3. The method of claim 1, wherein the first access request includes a priority field, and wherein determining a priority corresponding to the first access request in response to the access request being received by the buffer memory of the current level comprises: and determining the priority corresponding to the first access request based on the priority indicated by the priority field in the first access request.

4. The method of claim 1, wherein the determining the order in which the buffer memory processes the first access request or the second access request based on the priority level to which the first access request corresponds comprises:

in response to a response queue of the buffer memory including access responses and the access responses including data requested by the first access request, adjusting a priority level of the access responses based on a priority level corresponding to the first access request.

5. The method of claim 1, wherein the determining the order in which the buffer memory processes the first access request or the second access request based on the priority level to which the first access request corresponds comprises:

in response to a request queue of the buffer memory including a second access request requesting access to the same address as the received first access request, adjusting a priority level corresponding to the second access request based on a priority level corresponding to the first access request, and

and determining the order of the second access requests processed in the buffer memory in a pipeline mode based on the adjusted priority level corresponding to the second access requests.

6. The method of claim 1, wherein the determining the order in which the buffer memory processes the first access request or the second access request based on the priority level to which the first access request corresponds comprises: in response to the priority level corresponding to the first access request being a high priority, the buffer memory will preferentially process the first access request in a pipelined manner.

7. The method of claim 1, wherein the determining the order in which the buffer memory processes the first access request or the second access request based on the priority level to which the first access request corresponds comprises:

responding to the first access request missing in the buffer memory of the current level, and recording the first access request and the priority level corresponding to the first access request in a miss history register of the buffer memory of the current level; and

and responding to the first access request and the priority level corresponding to the first access request, and sending the first access request to a lower-level buffer memory.
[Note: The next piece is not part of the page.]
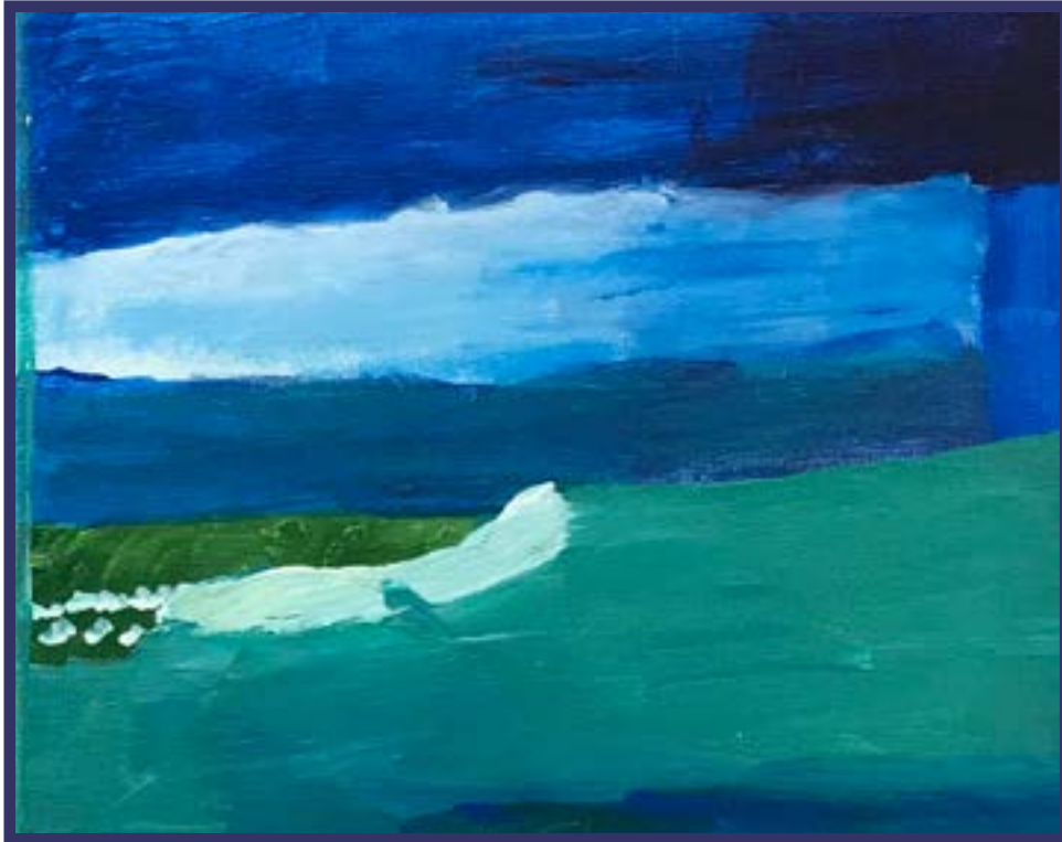
Artwork provided by Bihl Haus GO! Arts program participants at Grace Place Alzheimer's Activity Centers
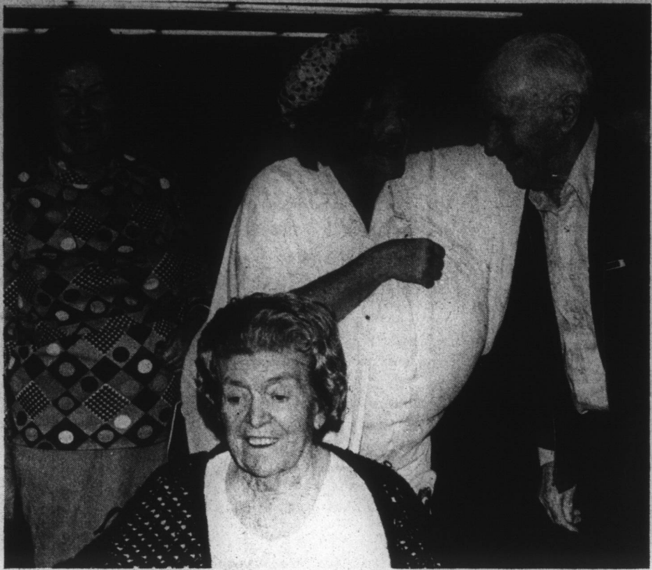
PARTY DAY AT THE HAVEN —Residents and staff members at Cape Colony Haven on Paradise Road took the afternoon off last Wednesday to enjoy some Halloween festivities. Games, prizes, and food marked the light occasion which was punctuated with activities such as that pictured above.

8. The method of claim 2, wherein the processing device further comprises a processor core including a reorder buffer, the priority update command of the first access request being at least partially associated with a state of the reorder buffer.

9. The method of claim 2, wherein processing device further comprises a processor core including an instruction fetch unit, the priority update command of the first access request being at least partially associated with a corresponding branch prediction result of the instruction fetch unit.

10. The method of claim 2, wherein the processing device further comprises a processor core including an instruction fetch unit and a reorder buffer, the priority update command of the first access request being at least partially associated with a state of the reorder buffer and a branch prediction result corresponding to the instruction fetch unit.

11. A processing apparatus, comprising:

a processor core;

a multi-level cache memory;

wherein the processor core or the multi-level cache memory is configured to perform the method of any of claims 1-10.

12. An electronic device comprising the processing apparatus of claim 11.

13. A non-transitory readable storage medium having stored thereon computer instructions, wherein the computer instructions, when executed by a processing device, perform the method of any one of claims 1-10.